Tidak berhenti di situ, Pemerintah Kota Padang juga memiliki visi untuk menyelenggarakan kegiatan keagamaan yang lebih besar di masa mendatang. Fadly Amran mengungkapkan rencana perhelatan akbar yang diberi nama Festival Surau. Festival ini akan menjadi wadah yang lebih luas, tidak hanya memperlombakan bakat anak-anak, tetapi juga akan melibatkan masjid, musala, para pengurusnya, serta individu yang aktif dalam kegiatan Subuh Mubarakah dan Remaja Masjid. Selain itu, festival ini juga akan menjadi ajang apresiasi bagi pelaksanaan Taman Pendidikan Al-Quran (TPA) dan Majelis Dzikir Walaupun (MDTW) terbaik di tingkat Kota Padang.

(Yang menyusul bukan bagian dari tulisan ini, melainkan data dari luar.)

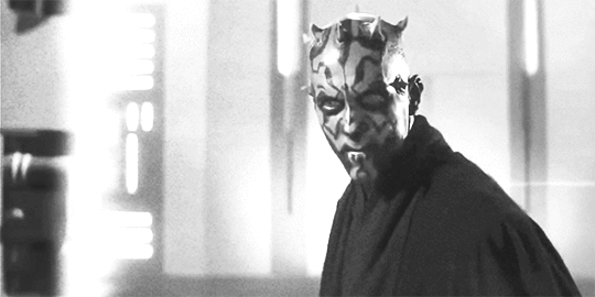 She doesn’t fall, no. She doesn’t turn evil. But watch that scene again. She closes her eyes. She reaches for the Force. And when she opens her eyes again, she snarls. She beats Kylo Ren back with brute strength and vicious, choppy saber-blows, like Luke used in Return of the Jedi when the Dark Side tempted him. When Ren’s forced to his knees, she circles him with the Dark Side stalk. Daisy Ridley delivers a perfect physical quote of Ray Park’s Darth Maul. ”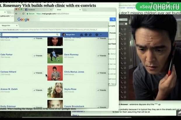 Детективный триллер от студии Тимура Бекмамбетова снят в необычном жанре screen-life – все события фильма развиваются на экранах различных устройств. После школы дочка Дэвида Кима не возвращается домой. Никто из друзей не знает, где она находится, и отец заявляет в полицию. Чтобы помочь с расследованием, Дэвид взламывает ноутбук Марго. Он погружается в интернет-жизнь своей дочери и постепенно осознает, что совсем ее не знал.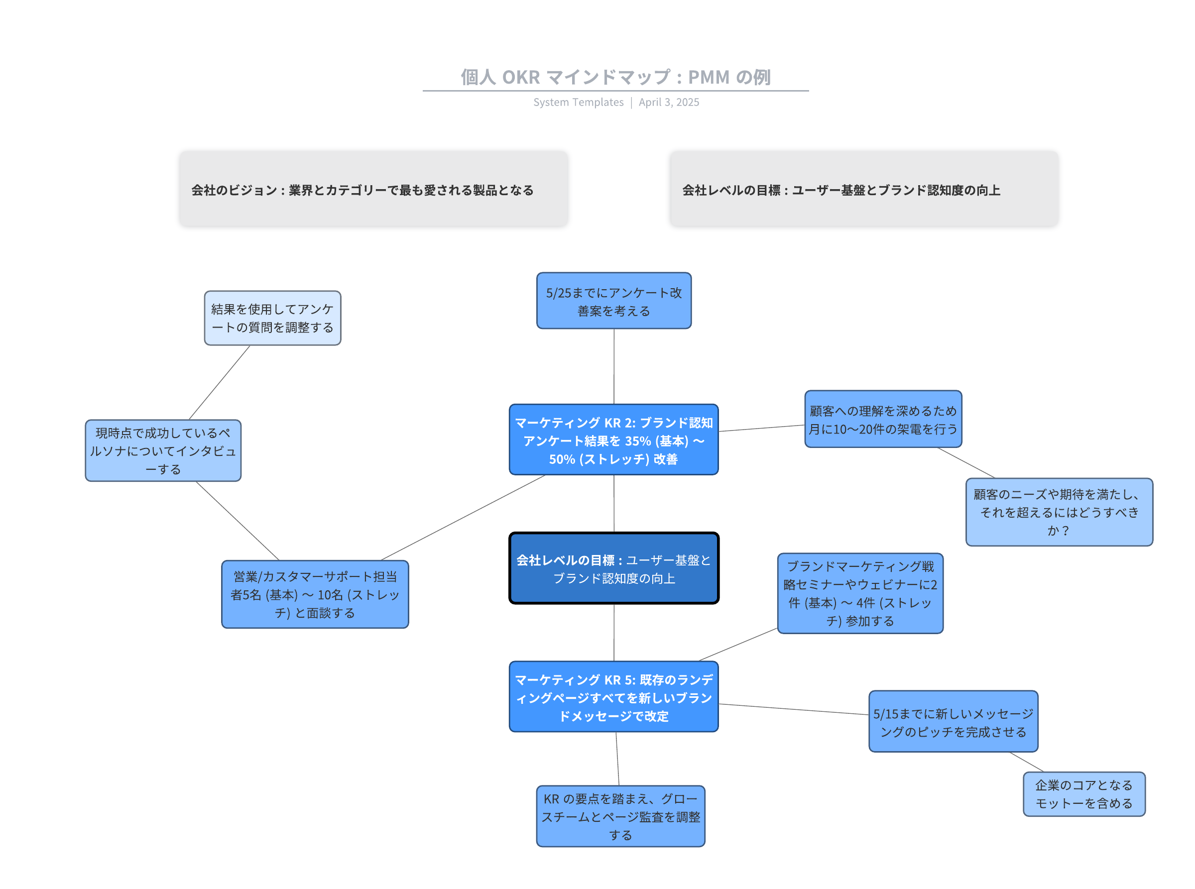 このパーソナル OKR マインドマップテンプレートは以下のような用途に役立ちます。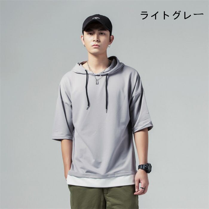 パーカー プルオーバー 五分袖 重ね着風 メンズ 4色 M-5XL トップス カジュアル 無地 カットソー ゆったり 25zm1405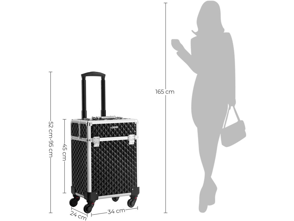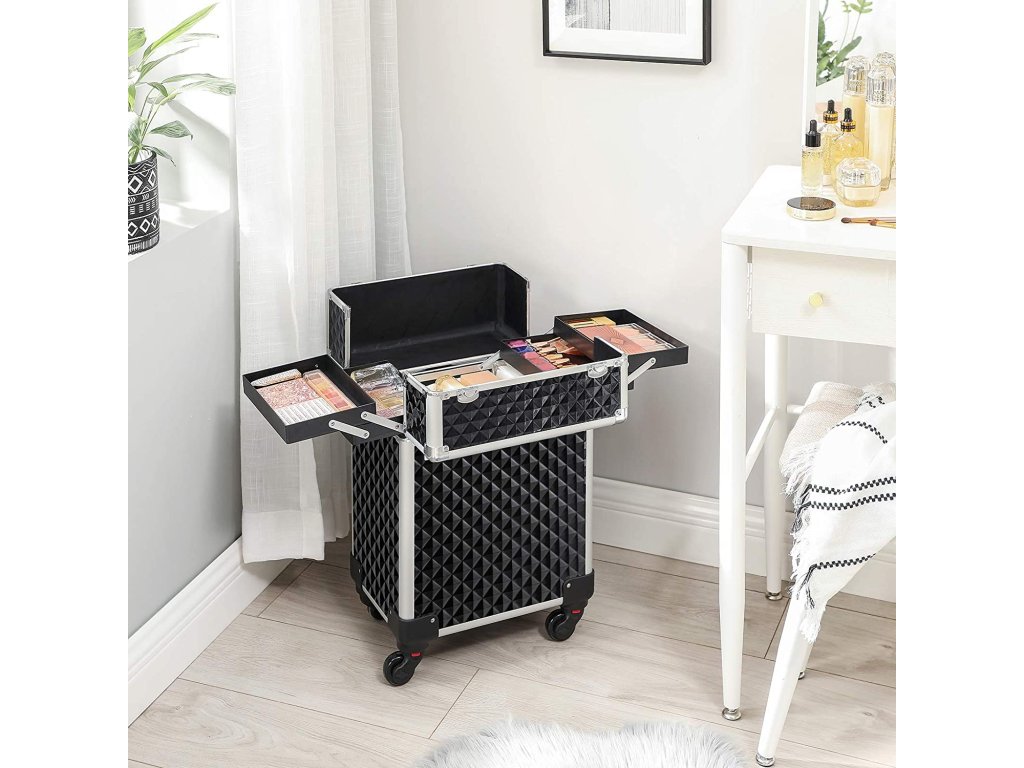 PRO CESTOVÁNÍ? PŘESNĚ TAK: Cestujete často služebně? Vezměte si s sebou toto pouzdro na líčidla! Díky stylovému vzhledu, teleskopické rukojeti a 4 univerzálním kolečkům. upoutá všechny pohledy a získá si obdiv ostatních.NEZÁVADNÝ DÁREK: Ať už chce váš blízký dosáhnout bezchybného make-upu na cestách, nebo vaše kamarádka vizážistka potřebuje odjet na služební cestu. tento kosmetický kufřík je perfektní dárek, který je nikdy nezklame.KVALITA, NA KTEROU SE MŮŽETE SPOLEHNOUT: Tento kufřík na líčidla, vyrobený z prvotřídního dřeva, odolného ABS plastu a robustního hliníkového rámu a rukojeti, vám bude sloužit dlouhá léta.PO OTEVŘENÍ VÍKA... budete překvapeni množstvím úložného prostoru uvnitř! Do 4 výsuvných přihrádek uložíte rtěnky, oční stíny a další věci; velká spodní přihrádka pojme fén a šaty;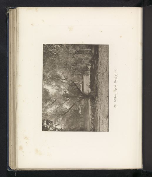 Curator: Before us, we have a cityscape photograph called "Stadsgezicht op Angre," taken before 1902, captured anonymously. It gives us an evocative look into a past landscape. Editor: My first thought is how stark the contrasts are, particularly between the building materials and the trees. It creates almost a study of textures, a tactile experience of a time long past. Curator: Given its age, the print offers an important perspective on early photographic techniques, where mastering the print process would’ve been critical to achieving a high quality final product. Think of the social impact, bringing previously exclusive landscape artforms to broader, more accessible audiences. Editor: Absolutely, and I’d add the work likely captures a moment of considerable social and political shift, specifically industrialization impacting daily lives, rural or not. I am also reminded that the location and artist are, essentially, invisible within traditional art historical contexts, obscuring not only identity but historical presence as well. Curator: Anonymity of the photographer pushes me to focus on the physical creation and purpose of such a print. It makes me wonder: what kind of camera and printing methods were used to capture that sort of textural range and resolution at that moment? Was this an attempt to capture history, or simply for the aesthetics and sales to be mass produced? Editor: Maybe it served multiple purposes. The print provided information and perhaps stirred emotions as well. How did urban/rural dynamics create societal values, and how might have gender or ethnicity impacted the scene being created? Such factors aren't just interesting details; they change the very meaning embedded into images such as these. Curator: Focusing on the artistic work as an artifact shows that something was created during that time using specific means to reflect not just aesthetics but also societal expectations as art democratized and started becoming easier for average persons to get. Editor: Exactly. Art wasn't simply hung inside fancy parlors; it impacted the material lives of society, representing history from many potential voices. Seeing that impact reminds us how art creates social transformation, pushing traditional bounds to tell numerous, interlocking narratives. Curator: Thank you; examining materials offers insight into technological and societal impacts present during their initial construction and eventual dispersal throughout various locations/social interactions. Editor: And seeing it provides a powerful lens on social justice, remembering the work that happened and lives impacted behind-the-scenes during eras we often discuss.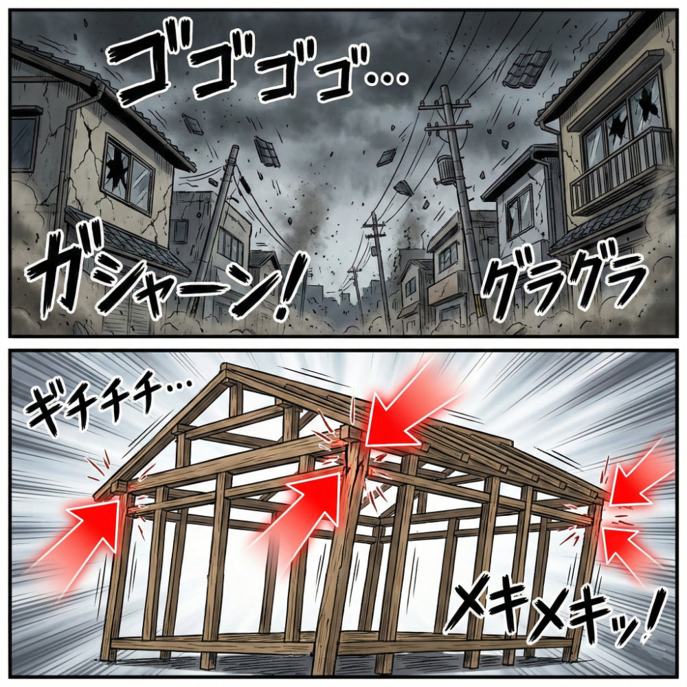 阪神・淡路大震災では、多くの木造住宅が「柱が土台から抜ける」ことで倒壊しました。建物が揺れる際、特に建物の角にある柱には、上に向かって引き抜こうとする強い力が働きます。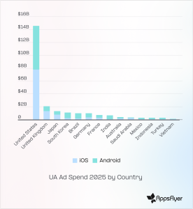 - Trotz geringerer Installs stiegen die gesamten Conversions leicht um 0,3 Prozent, getragen von einer stärkeren iOS-Performance.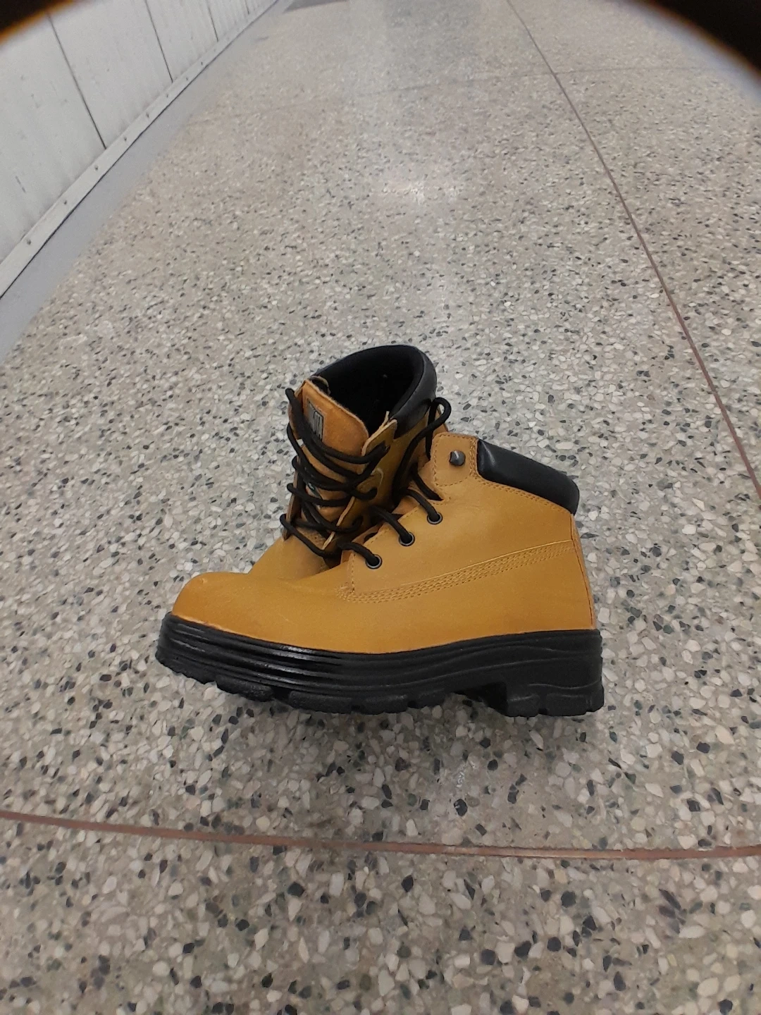 Dakota work boots in a tan suede-like material with black accents. Lace-up closure and a durable black sole. These boots are built for tough jobs and long days men's size 8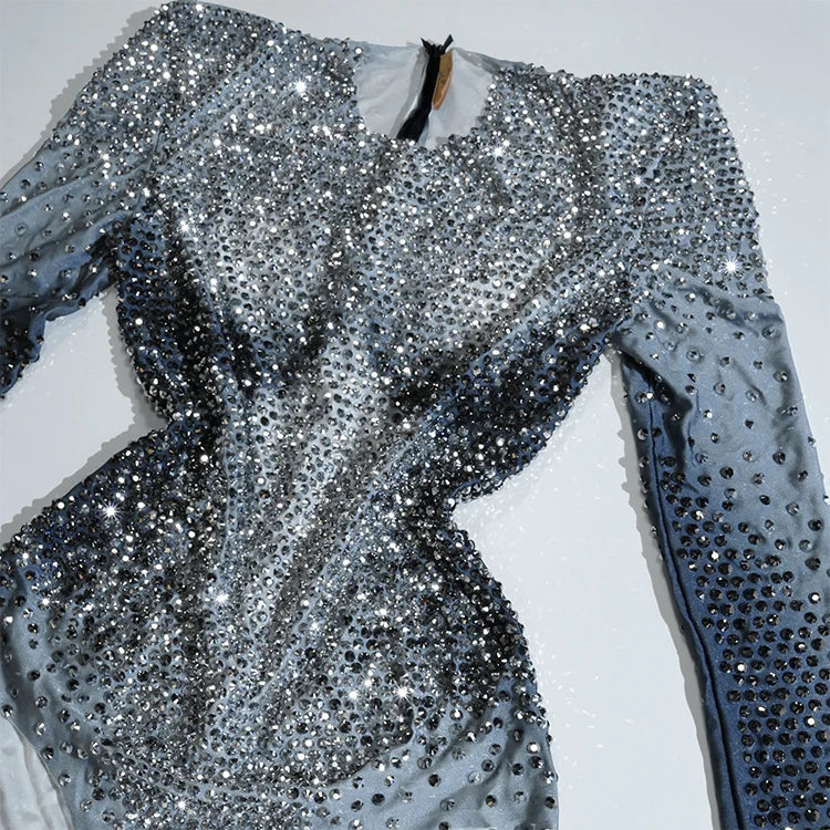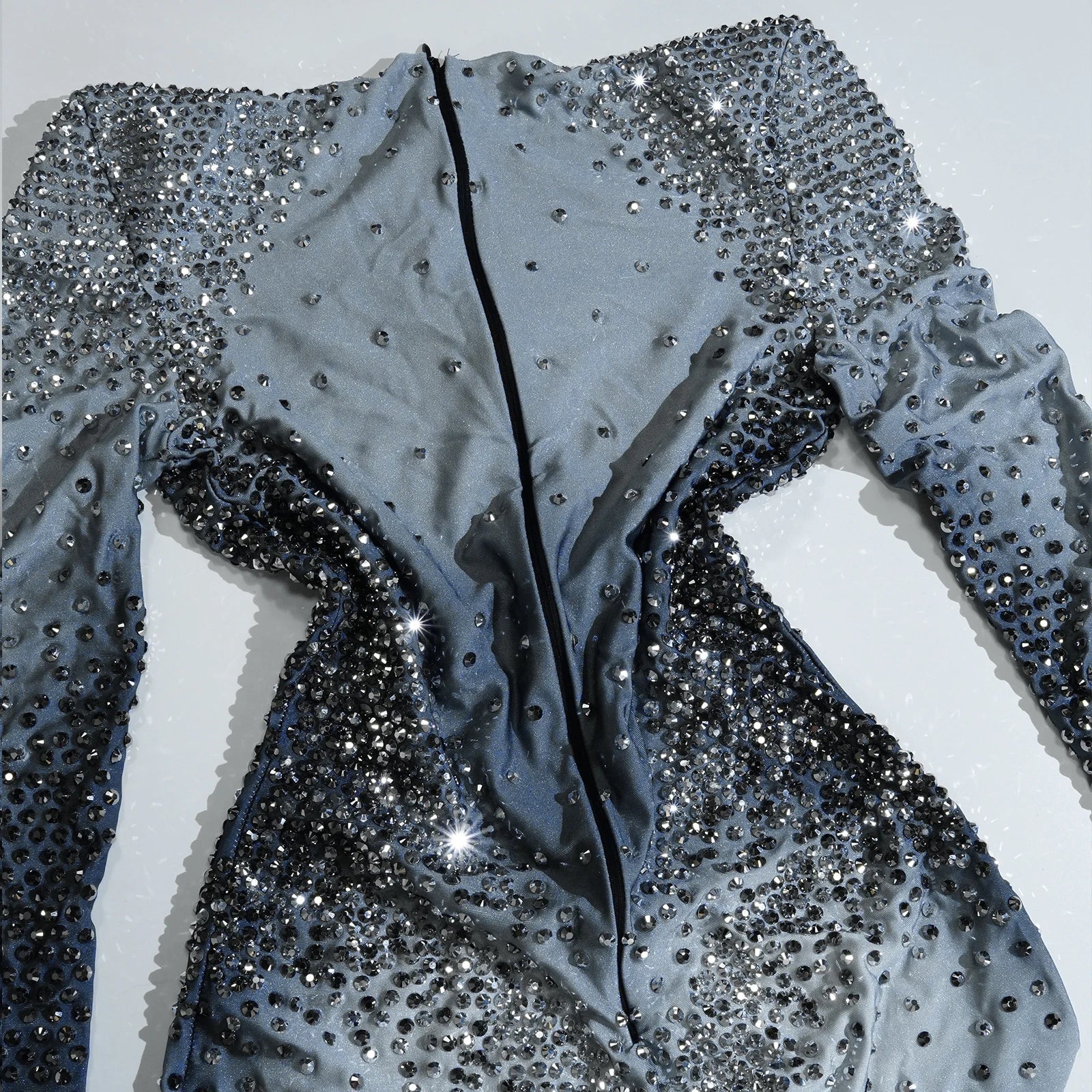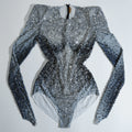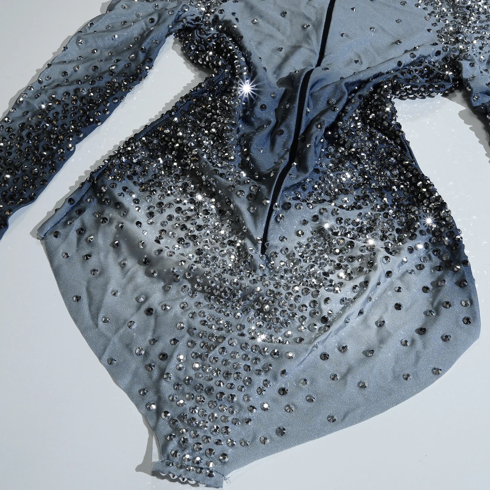 Justaucorps gris luxueux et scintillant avec strass pour fête, anniversaire, bar, discothèque, drag queen, pole dance, scène
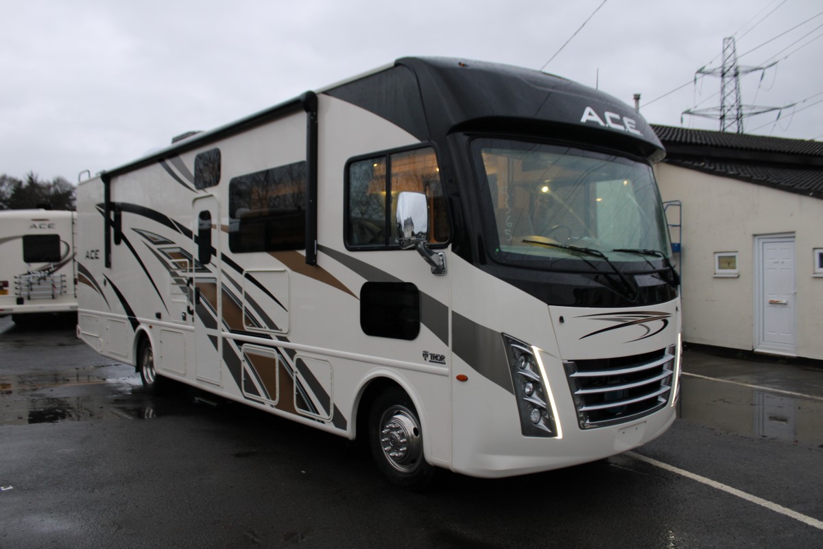 The evolution of a Class A and a Class C motorhome defines each A.C.E. model by Thor Motor Coach. From the power drop-down bunk with a ladder and the elegant fabric collections to the Kibble Station, the Bird’s Eye Window, and the Pet-Link multi-purpose tie-down, you will enjoy every single part of the A.C.E. Class A gas motorhome.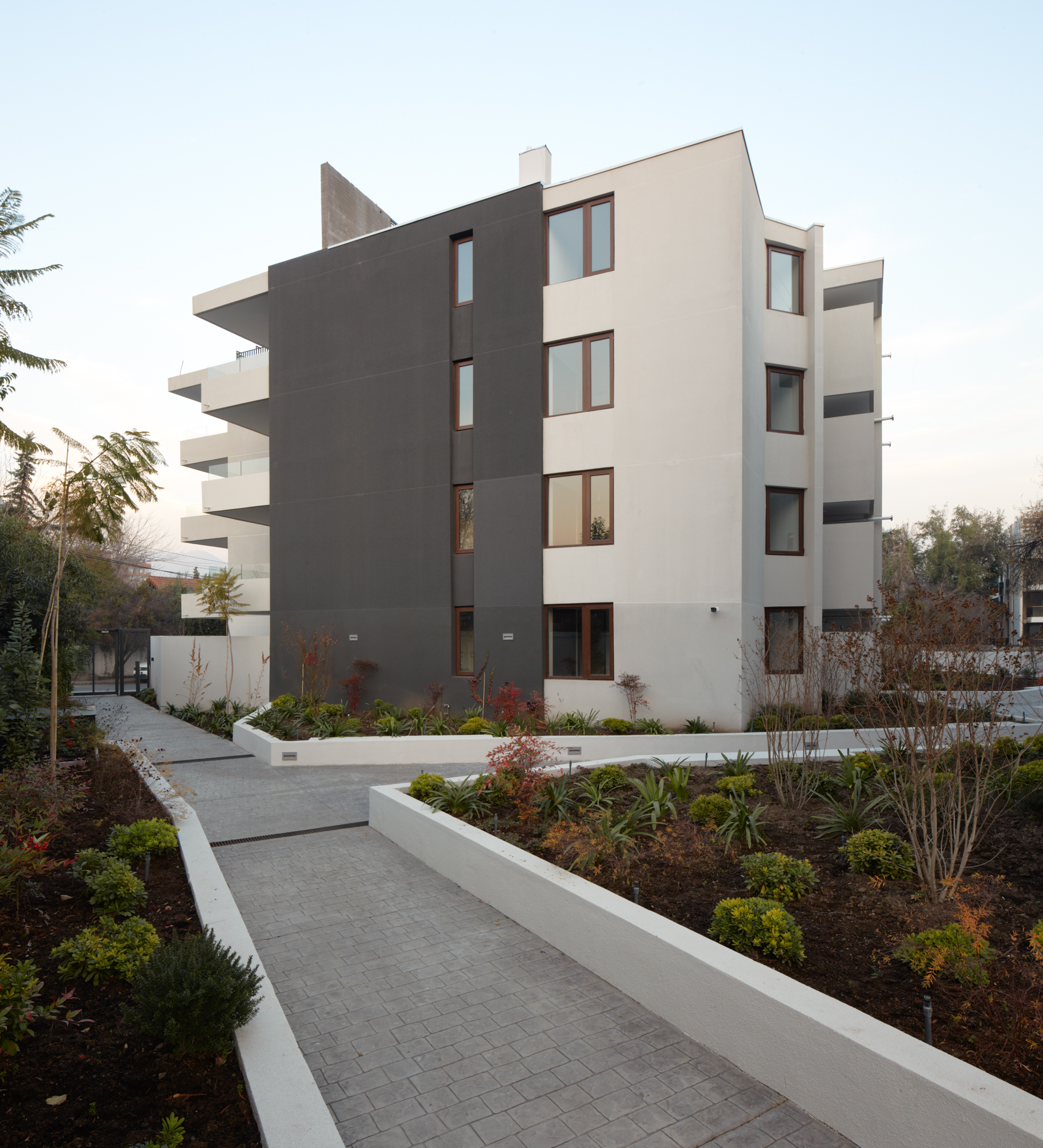 El Edificio El Peral se emplaza en una zona residencial de la comuna de Lo Barnechea en un terreno de 3.138,70m2. Tiene frente hacia dos calles; El Peral y El Rebalse. Se plantea la realización de dos torres independientes enfrentando a cada una de estas calles. Con el fin de buscar la mayor eficiencia en la cantidad de superficie de circulaciones, se generan cuatro halles de distribución con el mínimo para un ascensor y las dos puertas de acceso de cada departamento. Esto permite generar dobles frentes en los departamentos permitiendo mayor iluminación natural y ventilación cruzada. A estos cuatro núcleos se ingresa peatonalmente a través de un parque central con jardineras, paisajismo y una piscina común. A los departamentos de los primeros y cuartos pisos se les incorpora una escalera con el fin de aprovechar el subsuelo y las azoteas respectivamente. El edificio se trabaja en estructura de hormigón armado.

“Insya Allah ke depan kita juga akan menyelenggarakan event keagamaan yang lebih besar, yakni Festival Surau. Dalam festival ini tidak hanya anak-anak yang dilombakan, tetapi juga masjid, musala, pengurus, serta pihak yang aktif dalam kegiatan Subuh Mubarakah, Remaja Masjid, termasuk pelaksanaan MDTW dan MDTA terbaik tingkat Kota Padang,” pungkasnya, menandakan komitmen Pemko Padang dalam pengembangan syiar Islam yang berkelanjutan.
Acara penutupan Gebyar Ramadan 1447 H ini turut dihadiri oleh berbagai unsur penting, termasuk jajaran Forum Koordinasi Pimpinan Daerah (Forkopimda) Kota Padang, Kepala Kantor Kementerian Agama Kota Padang, Edy Oktafiandi, para pimpinan Organisasi Perangkat Daerah (OPD) di lingkungan Pemerintah Kota Padang, serta seluruh jemaah Masjid Raya Gantiang yang antusias menyaksikan penutupan kegiatan keagamaan ini.